# Say hi to Havee!!



## Jan D (Mar 13, 2007)

Havee's here and doing great and we think he's adorable!

He traveled a long ride with his breeder, through 2 states and many miles, did great on the trip. He was in my car in his crate for 5 minutes and got sick  

I woke him to take him out at 10:30 last night, put him in his little crate for the car, in our bedroom, and I had to drag him out this morning at 6:30 to take him outside! Didn't hear a peep out of him all night. So night 1 went well, we'll see what tonight brings!

Hopefully I'll figure out how to put new pics up later!

Oh...hey Jewels...I miss you My new mom put a warm little doggie in my crate last night. She thinks she tricked me into thinking it was you...Nothing will replace you Jewels You'll be in my little heart forever


----------



## dboudreau (Jan 12, 2007)

Welcome home Havee.  Can't wait to see the pictures


----------



## Havtahava (Aug 20, 2006)

Awwww, enjoy Havee being home. 

I am also looking forward to the pictures.


----------



## good buddy (Feb 20, 2007)

Congrats to you and Havee!! It sounds like you have a good first night!


----------



## juliav (Nov 21, 2006)

Sounds like you and little Havee are doing great, congratulations again. Now, how about some pictures???


----------



## Julie (Feb 8, 2007)

Pictures Pictures Pictures! 
Congrats on Havee getting safe and sound to his new home!


----------



## irnfit (Nov 21, 2006)

Ok, I think we need a new rule. No more teasing us. You can't introduce your new pup without posting pictures, too!  Congratulations!!!


----------



## Laurief (Nov 7, 2006)

Jan, yay!!!! I am so glad that Havee is home!! glad also that you had a great night!! Enjoy!!!


----------



## Jan D (Mar 13, 2007)

I am having a problem uploading pictures. I'll keep trying.


----------



## Shada (Feb 4, 2007)

So happy he is here and already sleeping thru the night!
Hope tonight goes as well.

Congratulations!!!!


----------



## whitBmom (Nov 27, 2006)

Congrats to you and a big WELCOME to Havee!!!


----------



## Jan D (Mar 13, 2007)

I figure if I'm having trouble posting pics, I'll change my avatar frequently!


----------



## Olliesmom (Sep 29, 2006)

Jan - can almost guarantee that it is the size! check out my find on the right hand side that says shrink pictures! Melissa added it after I posted it on the forum and it works!! save a copy of the pix you want to post then go to website and shrink it to about 350 then save again...then attach it using manage attachments that follows the post (below). Hope this helps!

Catherine


----------



## Jan D (Mar 13, 2007)

Thanks so much Catherine!!!! Now you won't all be mad at me 

Havee's latest portfolio...


----------



## dotndani (Mar 19, 2007)

He's too cute!How old is he??


----------



## Olliesmom (Sep 29, 2006)

so glad it worked!!! we all went thru learning how- but looks like you are apro now! QTIE!!!

Catherine


----------



## juliav (Nov 21, 2006)

Havee is adorable, love his pics.


----------



## Laurief (Nov 7, 2006)

Glad he is in his "forever" home - he is adorable!!!
Laurie


----------



## MaddiesMom (Apr 1, 2007)

Welcome home Havee!! We expect lots and lots of pictures!! Congratulations!


----------



## Julie (Feb 8, 2007)

He is a cute guy and really really colorful! 
FYI:I had trouble too learning how to do the photos!Just ask a kid in your area-they know!


----------



## marjrc (Jan 13, 2007)

CONGRATS Jan!! Havee is VERY cute and sweet!! He looks like Catherine's future baby! 
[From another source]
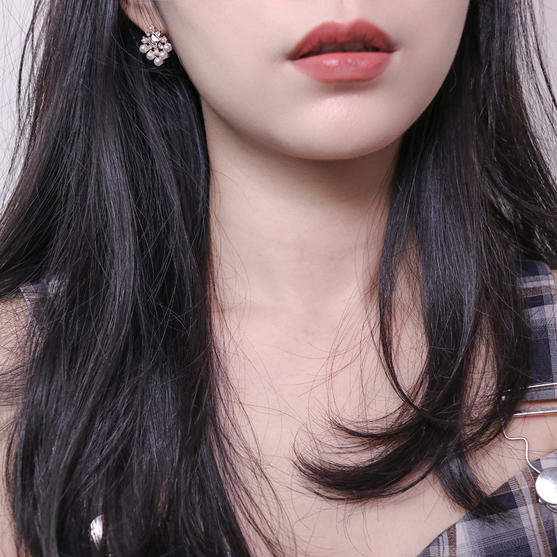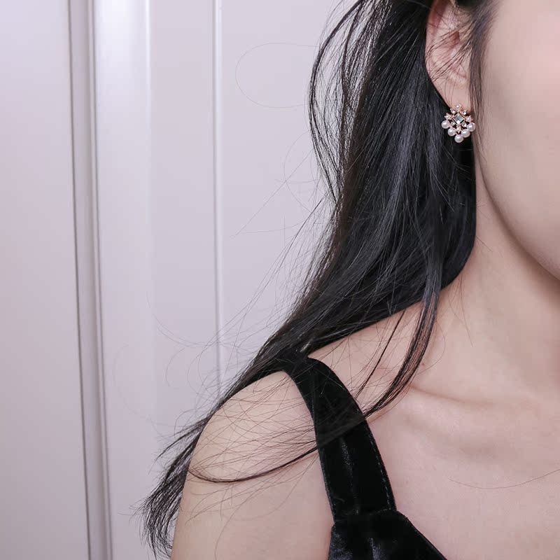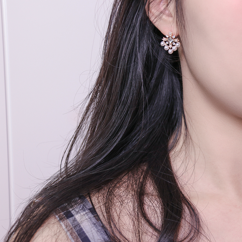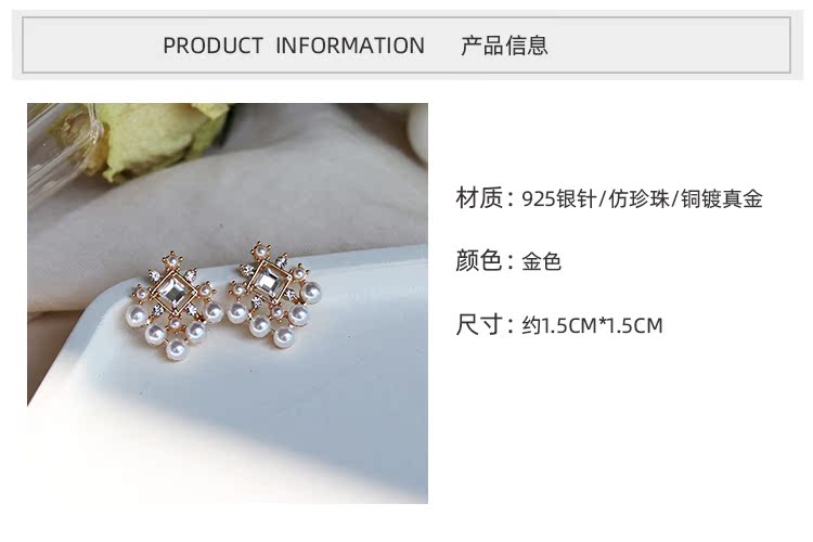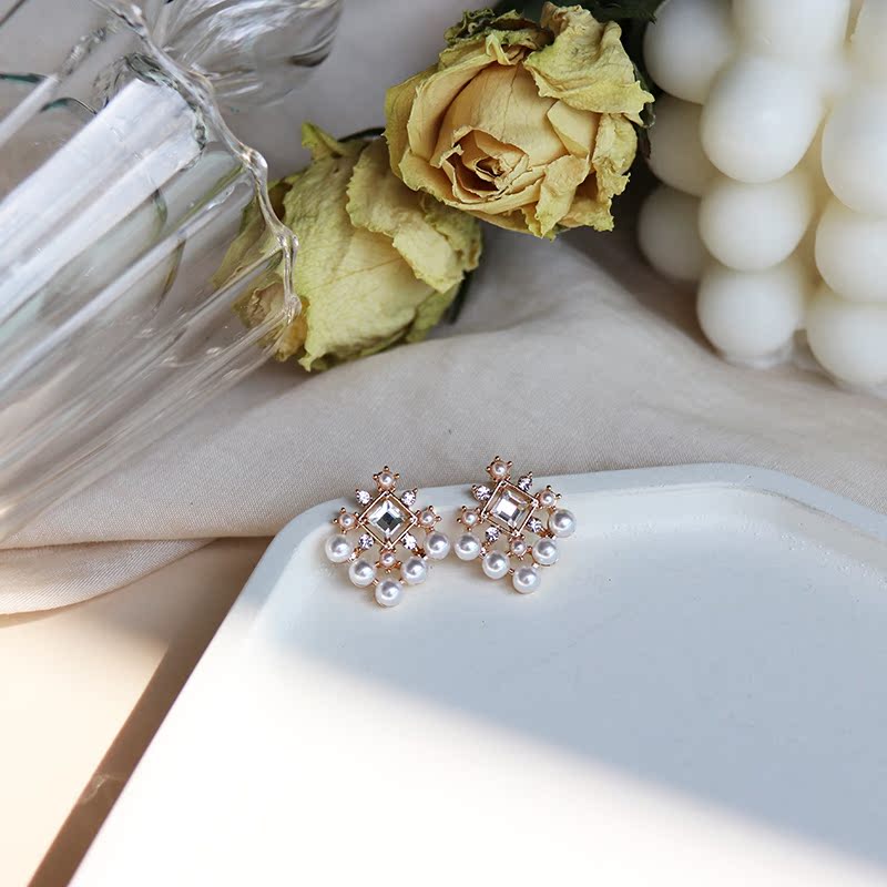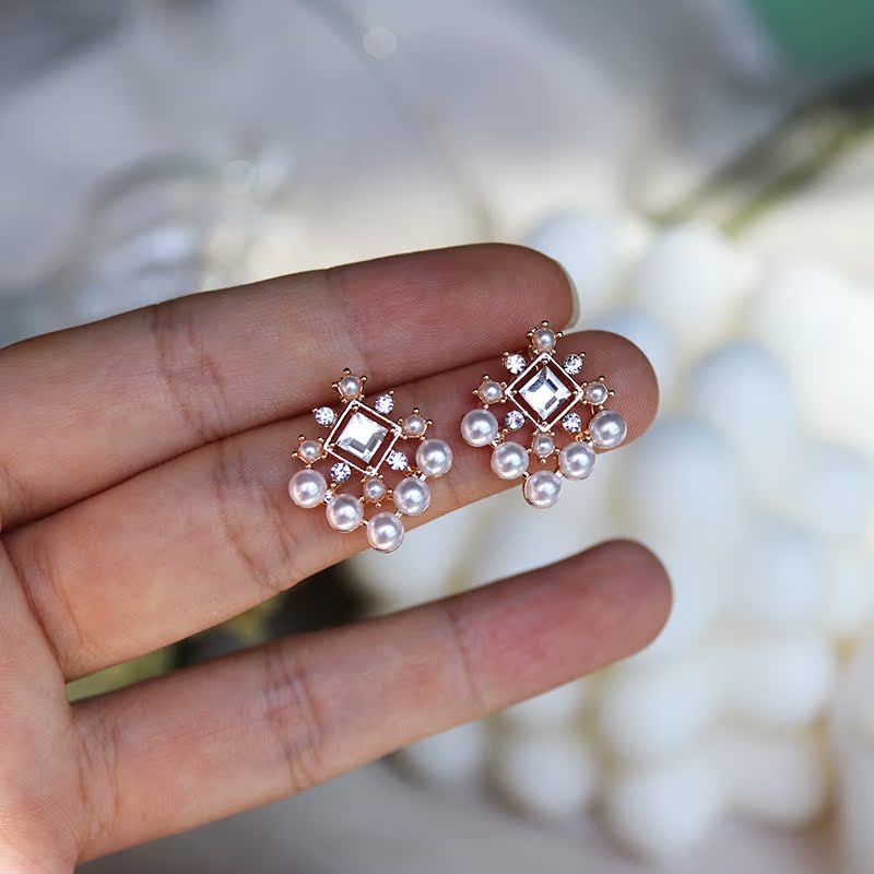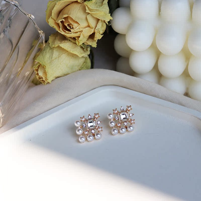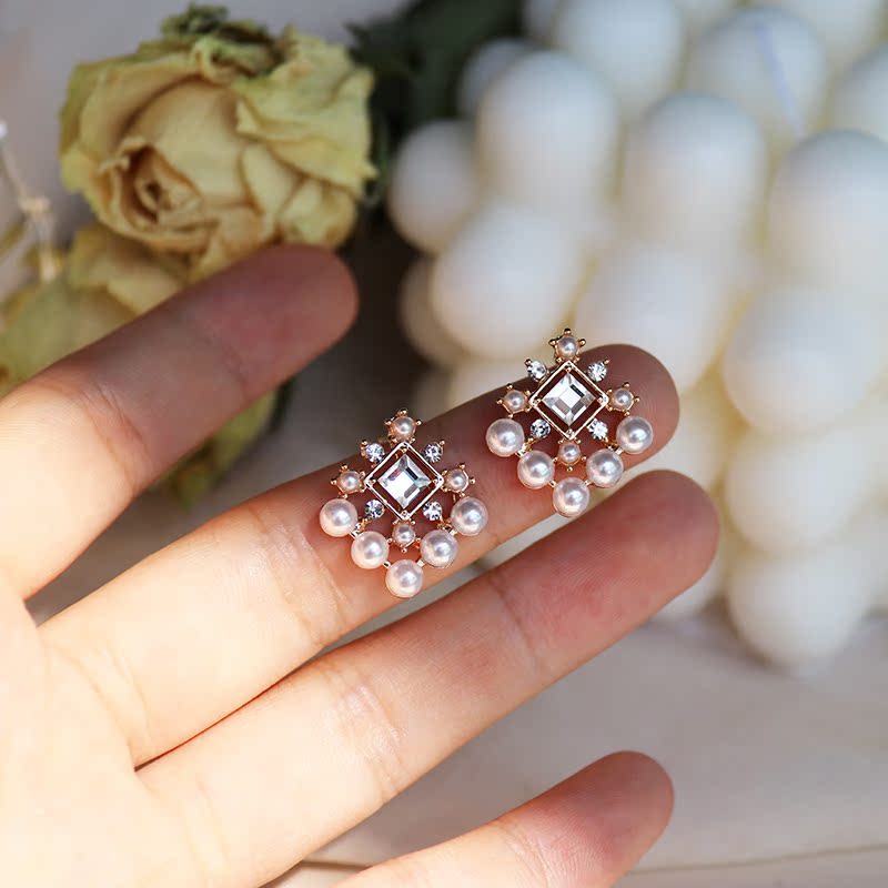 高品質貝珠方形鑲鉆耳釘精致氣質百搭復古溫柔甜美個性高級感耳環1入
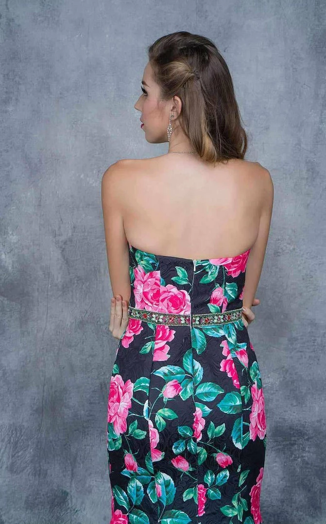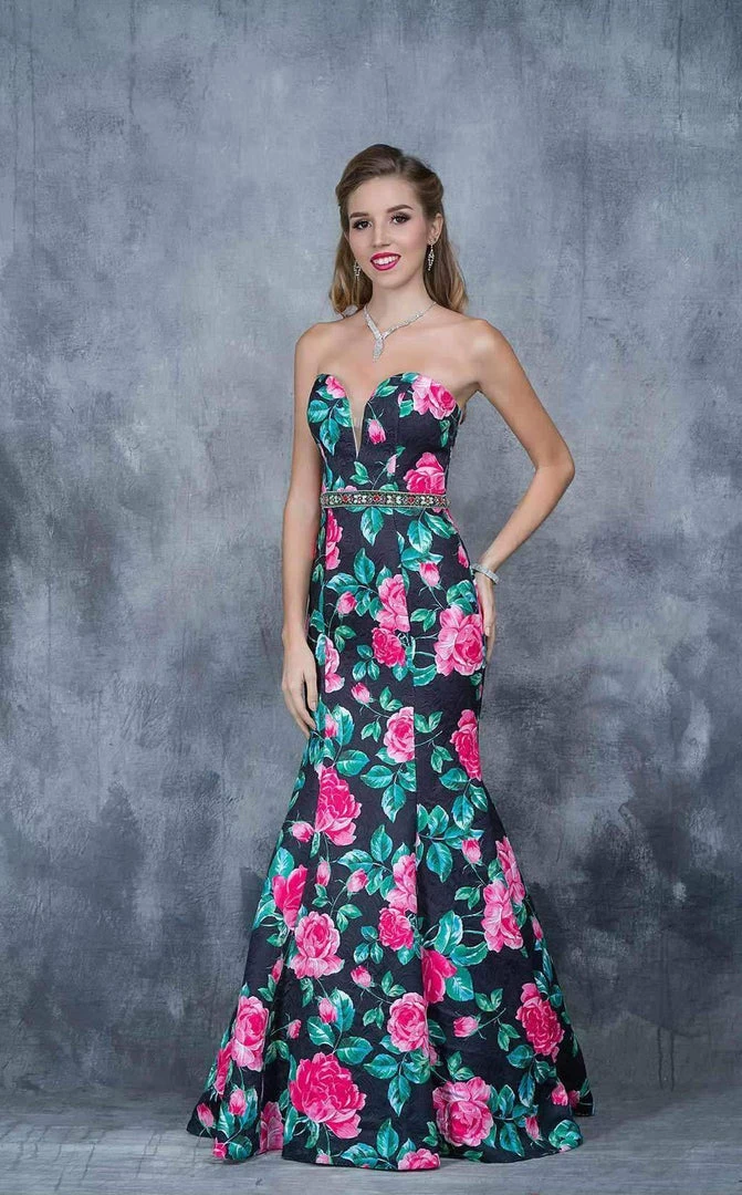 Nina Canacci 1362 This is a strapless floral print long mermaid prom dress with a plunging neckline and illusion panel with an embellished waistline. Great for spring formal dance, prom or other special events.

Poor little guy must have been exhausted. How did he sleep last night? 

Awwwww...... Havee and Jewels are siblings? Too cute!


----------



## Jan D (Mar 13, 2007)

He slept well last night. He woke to go out once at 4am then back in his crate with a little wimpering. He is 15 weeks old now and yes, he is Jewels littermate!


----------



## JodiM (Dec 28, 2006)

Yay!! So glad he is home Jan!!!

He looks so much like Jewels in the face!

I have to say we haven't had a accident in the house since Friday night, we are thrilled- hopefully her brother will be the same!


----------